Three-dimensional cans with capacities of approximately 60, 120 and 240 ml are used. The cans are pressurized with nitrogen to a pressure of about 70 kPa.

 The filled cans are then subjected to a stability test program at 4'C / ambient relative humidity and at 25 ~ C / ambient relative humidity and 120 ml cans are also stored at 40 ~ C / 75X relative humidity . Some cans are also run through cycles between 4-C and 400C to simulate the variations that may be encountered during shipping and handling.

Before storage, tests are carried out on various parameters, in particular: 1. Appearance / odor 2. pH 3. Number of microbes and absence of pathogens 4. Concentration of sodium cromoglycate 5. Concentration of substances related to cromo
sodium glycate 6. Chlorbutol concentration 7. Disodium edetate concentration 8. Pressure
The samples which have traversed the cycles are also tested, samples stored at 40 ° C./75X RH for 1, 2 and 3 months and samples stored at 25 ° C./RH ambient for up to 6 months.

 All initial and subsequent test results fell between their respective specified limits, except for the presence of an unexpected small amount of precipitate in samples stored at 40 C / 75% RH for 3 months.

This precipitate is probably cromoglycic acid formed as a result of temperature and a drop in pH resulting from the decomposition of a small amount of chlorbutol at elevated temperature after 3 months of storage.

EXAMPLE 3
A sterile aqueous solution of sodium cromoglycate at 1.0% w / v is introduced into an aerosol can fitted with a metering valve which is pressurized with nitrogen.

 The aerosol can is stored in the open air in the laboratory for 23 days. Each day, a sample of 1 g of the solution from the container is introduced by weighing into an aliquot of 10 ml of sterile peptone water, it is filtered through a sterile filter membrane, it is washed with 100 ml of pH phosphate buffer 7.2 EUA pharmacopoeia and transfer to tryptone soy agar (for bacteria) or malt extract agar (for yeasts and molds).
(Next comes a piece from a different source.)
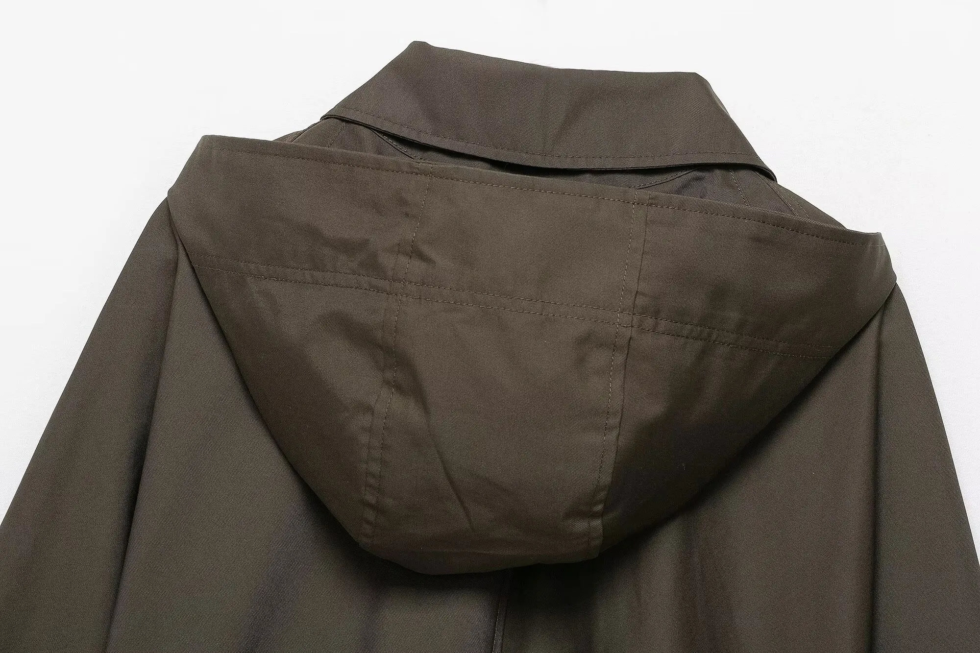 HH Female New Autumn Causal Solid Hooded Trench Coat Long Sleeve Single Breasted Lapel With Pockets Women’s Fashion Jackets

 The bacteria plates are incubated at 30 ° C for 3 days and the mushroom plates at 250C for 7 days. After the incubation, there are any microorganisms growing on the filters.

The results were as follows: a) Bacterial contamination
There were 2 bacteria in the sample taken on day 21 and 1 in the sample taken on day 9. No microorganism was otherwise observed.

b) Contamination by yeasts and molds
There were 1 microorganism in the samples for day 8, day 21 and day 22.

No microorganism has been observed.

 These results indicate that over the three weeks of the test, there was no proliferation of any microorganisms which may have contaminated the sodium cromoglycate solution.

Claims (3)

 1. Process for the preparation of an aqueous solution of sodium cromoglycate and chlorbutol, characterized in that chlorbutol is dissolved in distilled film at a temperature in the range of 20 to 60 ° C. in a sealed or covered container and mixing the resulting solution with solid sodium cromoglycate.  2. Use of sodium cromoglycate and chlorbutol for the preparation of a medicament for the treatment of reversible obstructive airway disease.  3. Sealed dispenser, characterized in that it is provided with a unidirectional outlet valve and contains a gas under pressure and an aqueous solution, sterile and without preservative, of a medicament for inhalation.